We know little about the life of Marguerite Porete; nonetheless, the brief account of her arrest, condemnation, and death is striking in its portrayal of an intrepid woman's spiritual strength. On 1 June 1310 in Paris, Marguerite Porete, a beguine referred to in the trial documents as a "pseudo-mulier," was burned at the stake as a relapsed heretic, having written a book "filled with errors and heresies."2 According to the chronicler, her demeanor to the last was such that many were moved to tears at the sight of such piety. Her book, The Mirror of Simple Souls, had been condemned twice and burned before her eyes as if in literal anticipation of what was to come. She had languished in prison for a year and a half before submitting to the flames. The inquisitor had summoned the beguine theologian numerous times to appear before the inquisitorial commission, but she had remained in her cell, persistently refusing to appear in court. He himself went personally to conduct her from her cell to his court, and, even though she was fully aware that she was before the inquisitor himself, she contumaciously refused to speak or swear the oath according to the inquisitorial regulations. The inquisitor offered her the benefits of absolution if she would recant her views, but Marguerite Porete did not care either to ask for or to accept this absolution. She remained silent from the first day of her imprisonment until her final fiery release. Later, representatives of the theological tribunal carried portions from Porete's book to the Council of Vienne, where it was determined that such excerpts served to document the existence of the Free Spirit heresy, which was then condemned.

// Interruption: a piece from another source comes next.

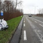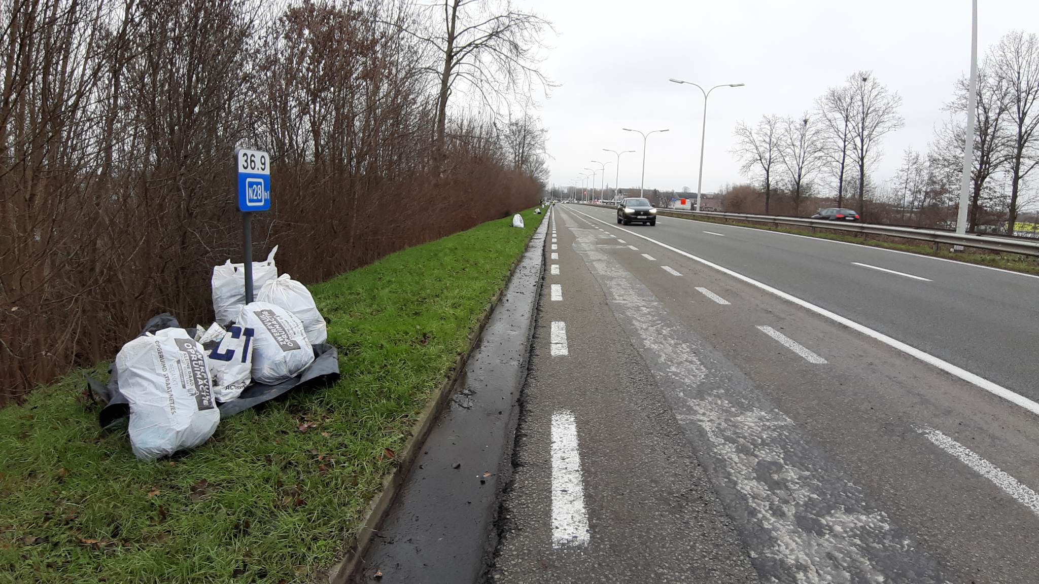 De ‘buit’ oogt indrukwekkend: 54 witte zwerfvuilzakken en 28 sluikstortzakken, die ze uit de berm van de Koning Boudewijnlaan naar boven hebben gesleurd.

Marguerite Porete's Mirror of Simple Souls offers us a powerful and fearless portrayal of how the soul is transformed into her exemplar, Jesus Christ; that is, the soul becomes by grace what Jesus Christ is by nature, truly human and truly divine. This essay highlights three components of this spiritual transformation, demonstrating the daring dynamic of this process in the beguine's theology. First, I outline Porete's portrayal of the trinitarian relation of the faculties of the soul. Next, I sketch the contours of the christological themes of the soul's transformation. Finally, we shall see that the goal of the text itself is the reader's own transformation. Porete's designation of Jesus Christ as exemplar is the divine energy driving the soul's transformation. It constitutes the transforming nature of the text. My concluding remarks briefly reflect on the significance of the Mirror for spiritual living in our time.

THE TRINITARIAN NATURE OF THE SOUL

Marguerite Porete's Mirror opens by declaring that the soul received the image of the Trinity at creation, which sets the conditions for the soul's spiritual transformation from sinful separation from God into incorporation in the divine life itself, a return of the soul to her eternal preexistence in God.3 The nature of the soul-specifically, the relations among the faculties of the soul-provides the framework for this transformation. In sketching Porete's trinitarian portrait of the soul, I will attend to the more doctrinal aspects of the Mirror. First, I outline the text's portrayal of the doctrine of the procession of the Persons of the Trinity. Then I show that the faculties of the soul mirror the procession of the Persons of the Trinity.